**What the exercise asks:** Word for word, copy the line that contains "The Maya Drop" and each line after it in the data below. Pictures stay out of the copy.
Source data Start Marker
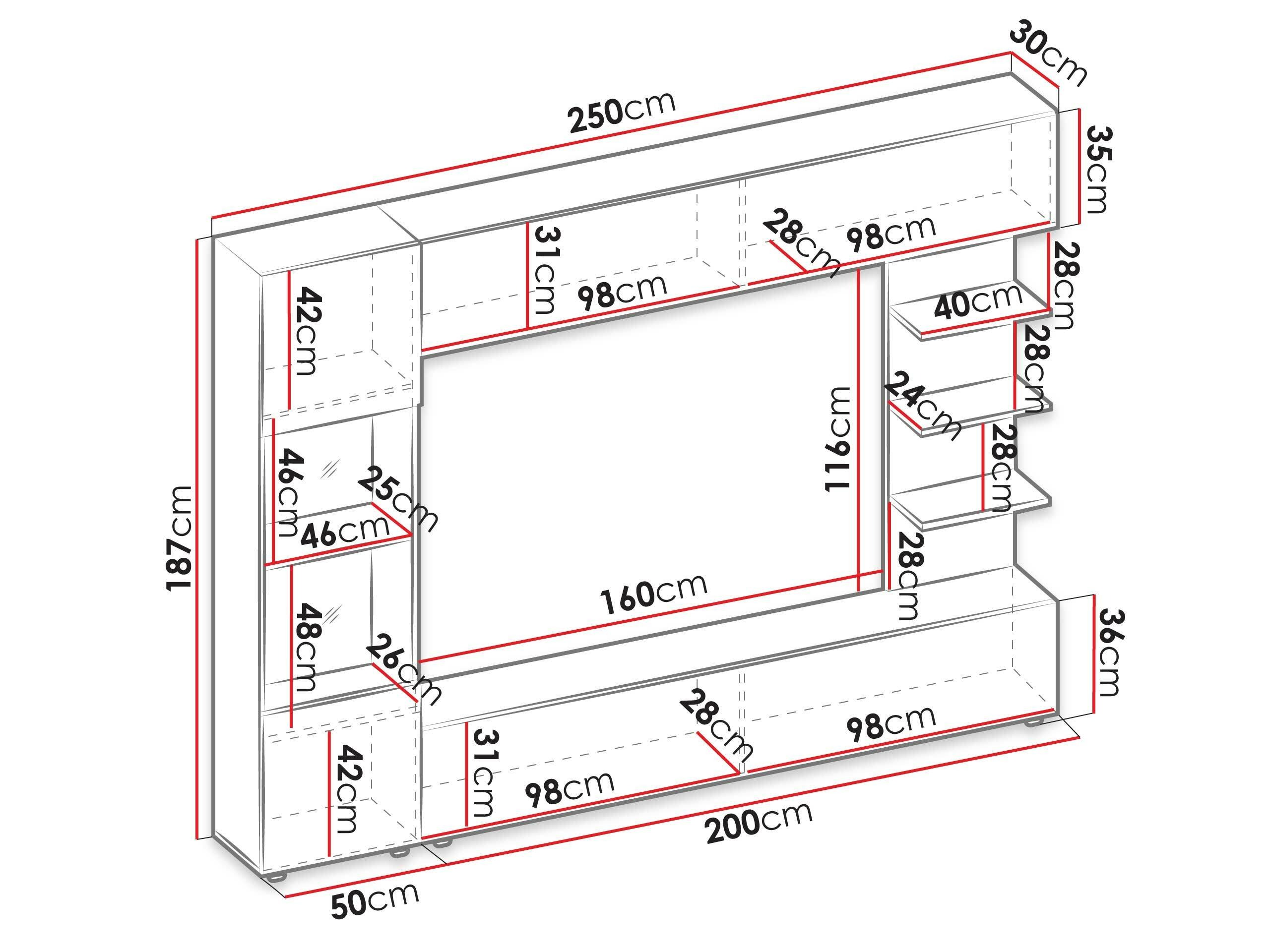 187 x 50 x 30 cm
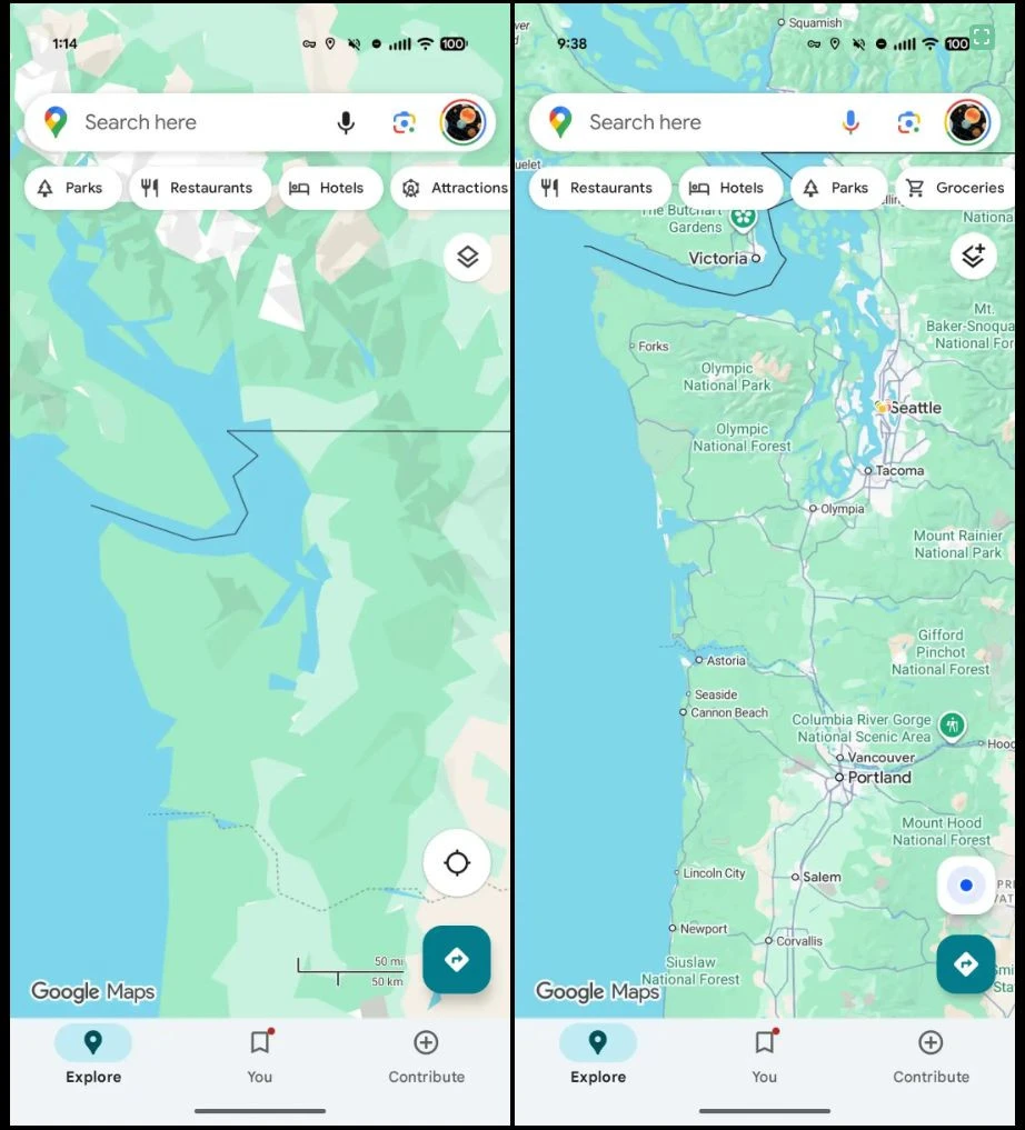 Μία ακόμη αλλαγή αφορά το κουμπί που δείχνει την τρέχουσα τοποθεσία σας. Μέχρι πρότινος, το εικονίδιο ήταν ένας μπλε κύκλος με ένα βέλος. Τώρα, έχει αποκτήσει νέο σχήμα —ένα squircle (κάτι μεταξύ τετραγώνου και κύκλου)— με εικονίδιο πυξίδας στο εσωτερικό του. Όταν ο χάρτης δεν δείχνει τη θέση σας, το εικονίδιο μετατρέπεται στο γνωστό μπλε στίγμα που υποδηλώνει το σημείο όπου βρίσκεστε.
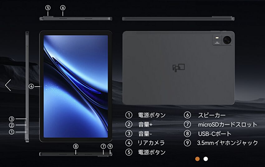 ▼4スピーカーは、横持ちでの左右両サイドに2個づつ配置されています。⑨の位置に 3.5mm イヤホンジャックを装備していることもポイントの一つです。なお、背面は金属製となり、中央のロゴは大きく主張せずに好感のもてるもの。
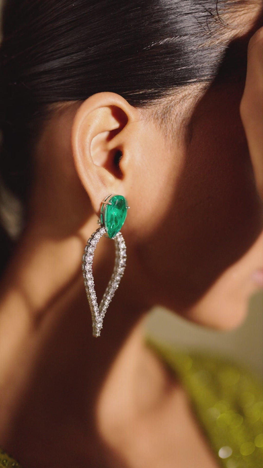 The Maya Drop Earrings in emerald green are a vision of elegance and bold allure. A pear-cut emerald-hued stone crowns the design, leading into a delicate cascade of CZ stones that form a graceful teardrop silhouette. The combination of vibrant green and shimmering brilliance creates a look that is both striking and timeless.
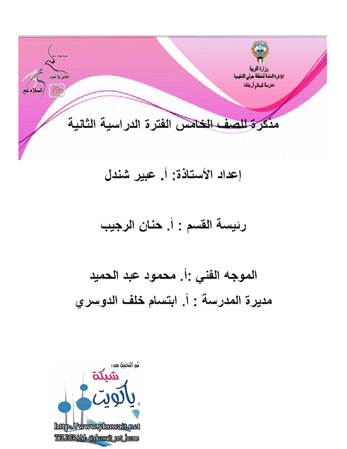 أنت هنا: موقع المناهجالمناهج الكويتية الصف الخامس لغة عربية الفصل الثاني مذكرات وبنوك
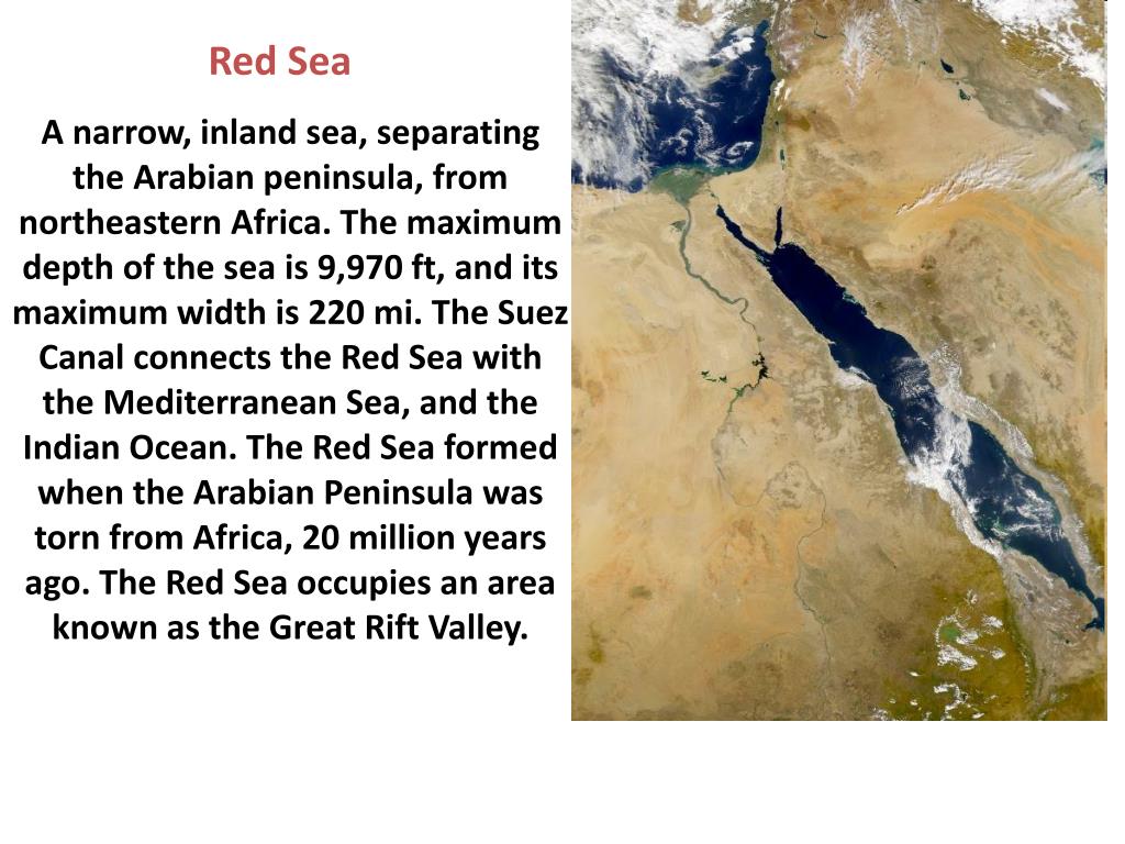 Red Sea A narrow, inland sea, separating the Arabian peninsula, from northeastern Africa. The maximum depth of the sea is 9,970 ft, and its maximum width is 220 mi. The Suez Canal connects the Red Sea with the Mediterranean Sea, and the Indian Ocean. The Red Sea formed when the Arabian Peninsula was torn from Africa, 20 million years ago. The Red Sea occupies an area known as the Great Rift Valley.
Source data End Marker
**Response to the exercise:**
 The Maya Drop Earrings in emerald green are a vision of elegance and bold allure. A pear-cut emerald-hued stone crowns the design, leading into a delicate cascade of CZ stones that form a graceful teardrop silhouette. The combination of vibrant green and shimmering brilliance creates a look that is both striking and timeless.
 أنت هنا: موقع المناهجالمناهج الكويتية الصف الخامس لغة عربية الفصل الثاني مذكرات وبنوك
 Red Sea A narrow, inland sea, separating the Arabian peninsula, from northeastern Africa. The maximum depth of the sea is 9,970 ft, and its maximum width is 220 mi. The Suez Canal connects the Red Sea with the Mediterranean Sea, and the Indian Ocean. The Red Sea formed when the Arabian Peninsula was torn from Africa, 20 million years ago. The Red Sea occupies an area known as the Great Rift Valley.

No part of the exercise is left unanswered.